President John Dramani Mahama used the 2026 State of the Nation Address to signal a substantial expansion of Ghana’s flagship youth employment ecosystem, confirming a second cohort of 10,000 beneficiaries under the Adwumawura entrepreneurship initiative and announcing a tenfold scale-up of the National Apprenticeship Programme (NAP) from 10,000 to 100,000 young people.
Delivering the address to Parliament on Friday, February 27, the President framed the trio of programmes covering entrepreneurship, technical training and military-grade skills development as complementary instruments designed to work in parallel rather than in isolation, targeting different segments of Ghana’s estimated 3.4 million unemployed youth population.
Under the Adwumawura scheme, implemented by the National Entrepreneurship and Innovation Programme (NEIP), the government committed to enrolling an additional 10,000 young Ghanaians in 2026, building on the first cohort of 10,000 who received business development training, startup capital, mentorship and equipment support following the programme’s launch in Kumasi in March 2025. The programme attracted more than 120,000 applications during its first cycle, and an independent Grant Management Committee is currently evaluating business plans submitted by training graduates ahead of funding disbursements.
The National Apprenticeship Programme, implemented by the National Youth Authority (NYA), will be expanded from its current 10,000 target to 100,000 beneficiaries. The President confirmed that 14,000 young people have already been onboarded under the pilot phase, receiving starter kits and practical trade training designed to equip them for employment in artisanal, manufacturing and service sectors. The Ministry of Finance has allocated GH¢410 million across the two programmes for their combined rollout.
The third pillar of the expanded framework involves a Memorandum of Understanding the government has signed with the National Service Secretariat and the Ministry of Defence to provide structured military training for 10,000 National Service personnel.
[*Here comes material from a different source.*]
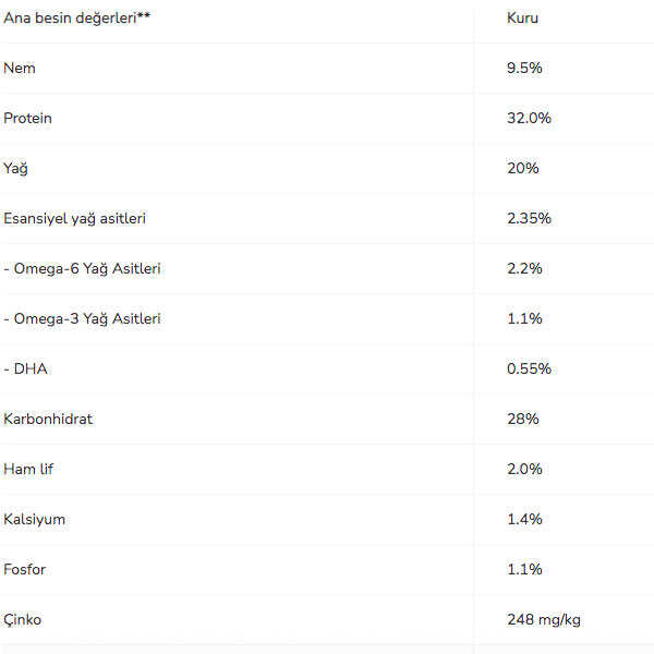 İçindekiler: Somon Balığı* (%17), kurutulmuş somon proteini*, Pirinç* (%16), Hayvansal yağ, Mısır nişastası, Mısır gluten unu*, Soya unu*,Kurutulmuş yumurta*, Kurutulmuş soya proteini*, Sakatat, Kurutulmuş pancar küspesi, Mısır, Mineraller, Selüloz, Soya fasülyesi yağı, Balık yağı. "Protein Kaynağı: KATKI MADDELERİ: Besin Katkıları: IU/kg: Vitamin A: 31.000; Vitamin D3: 1.000; Vitamin E: 550. mg/kg: Vitamin C: 140; Demir Sülfat Monohidrat: 270; Kalsiyum İyodat (Susuz): 3,5; Bakır Sülfat Pentahidrat: 54; Mangan Sülfat Monohidrat: 130; Çinko Sülfat Monohidrat: 460; Sodyum Selenit: 0,32. Teknolojik Katkı Maddeleri (mg/kg): Tokoferolce zengin ekstrakt: 55.

Officials say the programme will equip participants with discipline, technical skills and vocational competencies that improve their employability following the completion of national service.
Youth Development Minister George Opare Addo has framed the combined ambition of the programmes as building at least one viable company from every cohort by the end of the President’s four-year term, with each supported business expected to create a minimum of two additional jobs.